Wheeler has now trained his sights on a situation in New Jersey where the legislature is thinking of amending a ‘smart gun’ law that was passed in 2002 but has never been implemented because no manufacturer could deliver a smart-gun product that both worked and was made available for retail sale. A brief attempt was made to sell one of these models in California, but the gun shop in question quickly removed the produce from its shelves when local gun nuts threatened a boycott of the store or worse.

hippo Wheeler refers to smart-gun technology as a “sweeping infringement” of the 2nd Amendment, a judgement obviously based on his expertise on the area of Constitutional law. If he would bother to actually read the 2008 Heller decision, he might notice that Scalia explicitly states that “nothing in our opinion should be taken to cast doubt on … laws imposing conditions and qualifications on the commercial sale of arms.” [p. 54] Notice the phrase, ‘commercial sale of arms,’ which even a jerk like Wheeler must know means that the government can decide what types of guns can and cannot be sold.

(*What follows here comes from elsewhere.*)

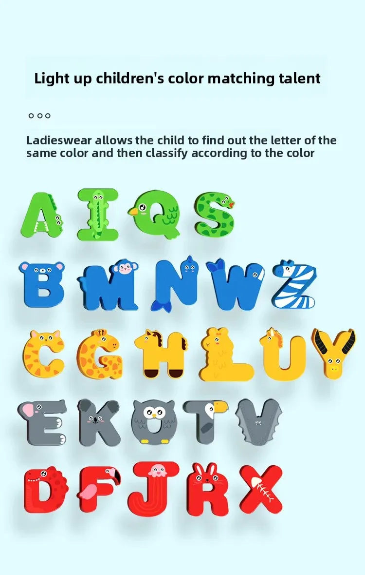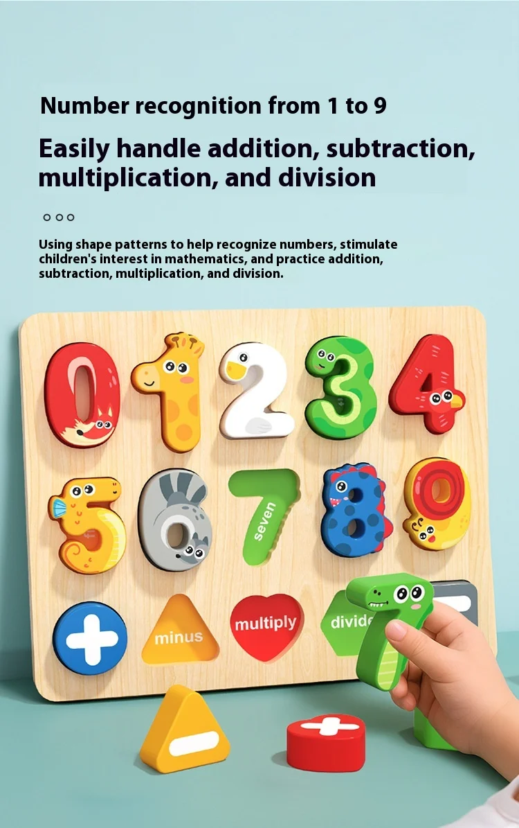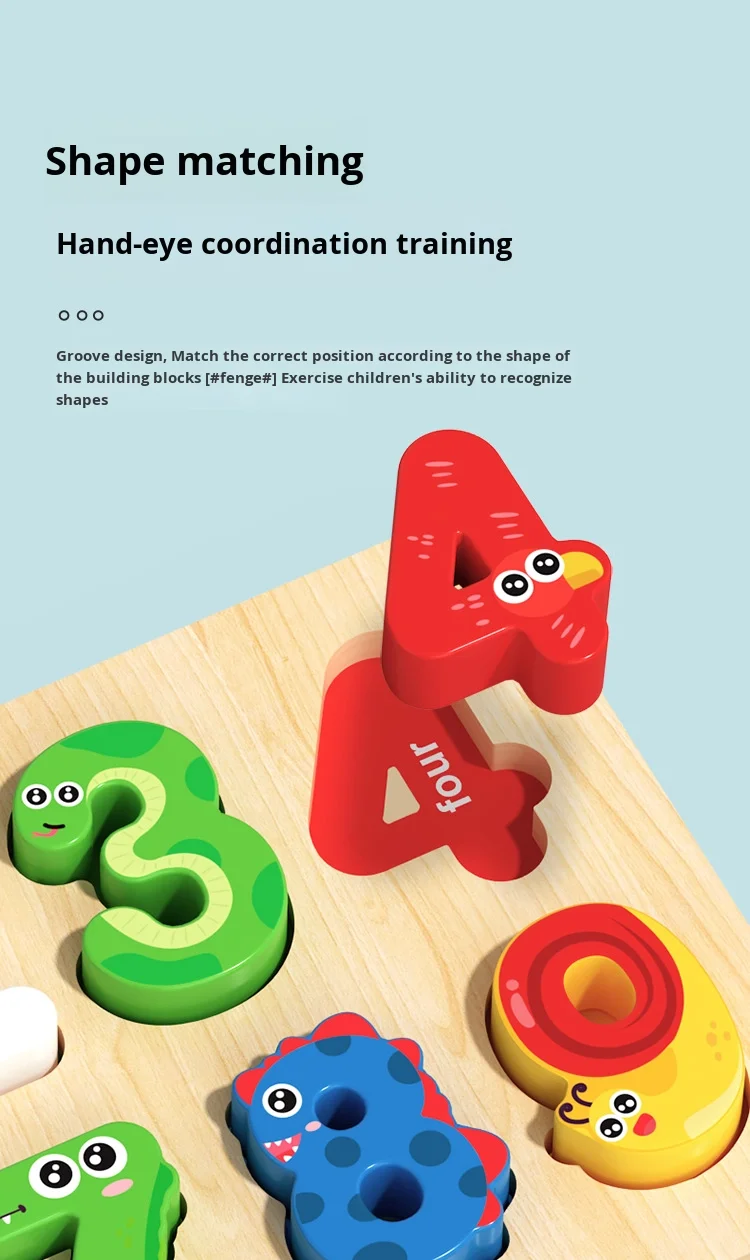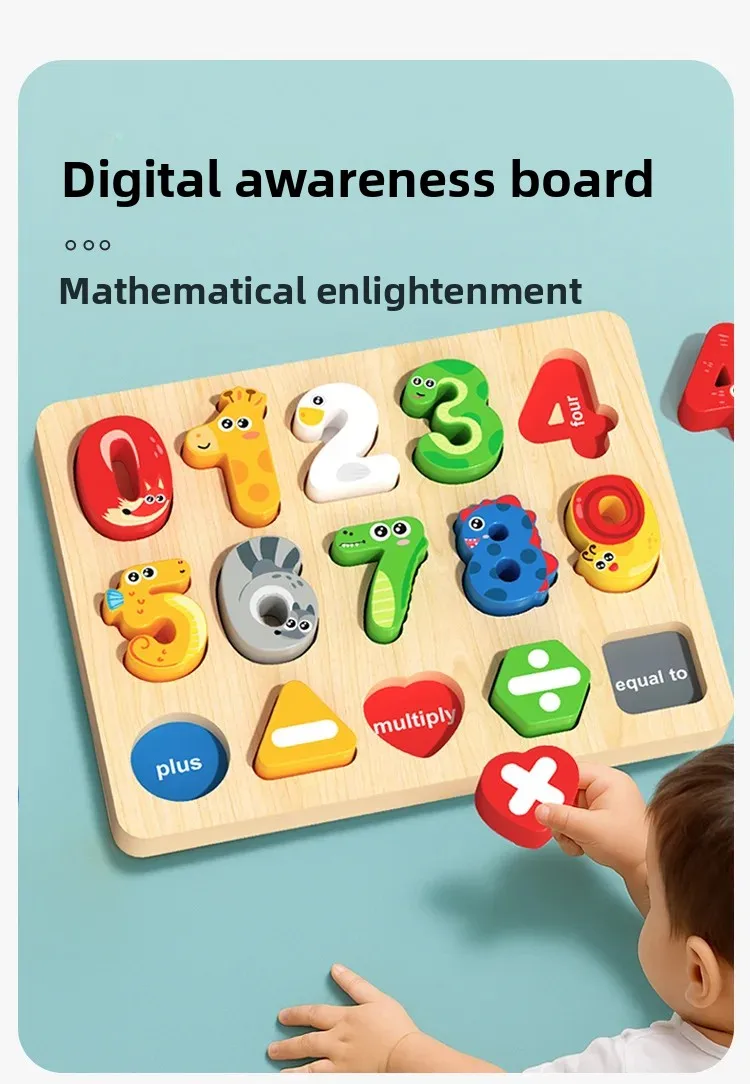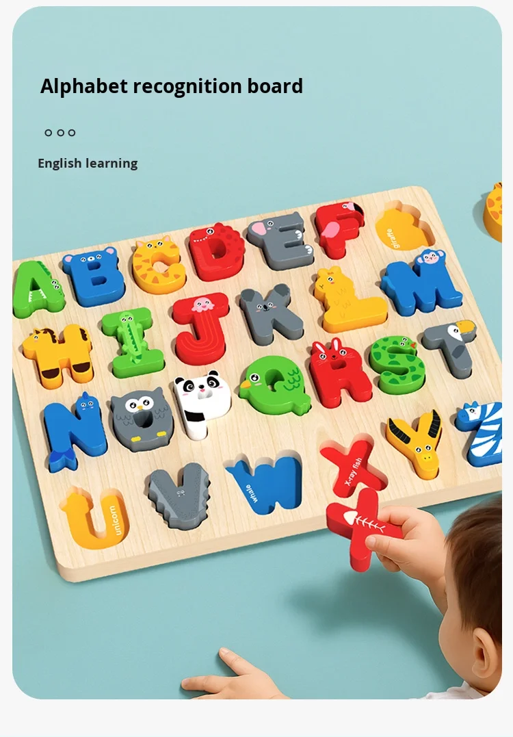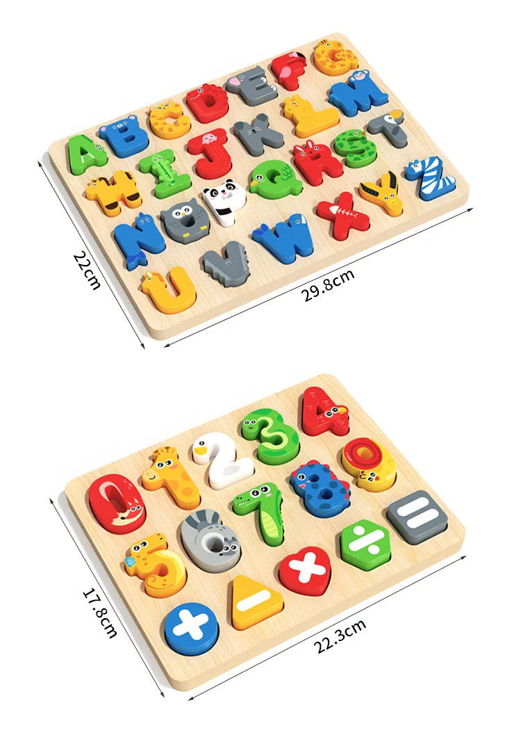 كتل ألغاز تعليمية مبكرة من خشب مع أشكال الحروف الأبجدية والأرقام برسوم كرتونية للأطفال، لعبة تركيب وذكاء تعليمية

Smart guns were first hyped during the Clinton administration when the government awarded R&D grants to various inventors and entrepreneurs to develop new gun-safety technologies. You can get a very complete overview of the history and development of smart-gun products by reading a report published by the Department of Justice in 2013. The report brought together representatives of federal agencies and test labs, law enforcement bodies, technology institutes, public health researchers, and was discussed with staff from Smith & Wesson, Colt, FN and Ruger, among others.

If Wheeler read the report, perhaps he would have noticed right up front that the primary group of users for whom such technology is being developed is “people responsible for public safety (i.e., law enforcement personnel.)” [P. 8] I think that Wheeler only blogs about issues, like Heller, for which he hasn’t read the relevant texts, but why should a physician depend on anything other than his own opinions, correct?

Wheeler not only believes that smart-gun technology represents an ‘infringement’ on the 2nd Amendment, but worse, is a solution in search of a non-existent problem; i.e., accidental deaths of children from firearm misuse. He refers to these deaths as “miniscule,” claiming a “few dozen” lives each year. In fact, more than 75 children under the age of 18 died from accidental shootings in 2013, and more than 560 were treated for gunshot wounds.

But worse than understating the numbers is what this says about Wheler’s approach to medicine. Let me break the news to him gently: physicians don’t define a medical problem by how many patients present a particular symptom during an exam. The role of the physician, according to the Hippocratic Oath, is to reduce harm. And this applies to every single patient, whether the harm comes from something which is nearly universal, or is something that a physician might see only once.

Wheeler’s attempt to make readers believe that the severity of a problem is in any way based on its frequency is a conscious misstatement of the role of the physician and shows him to be the crackpot and gun industry mouthpiece that he really is.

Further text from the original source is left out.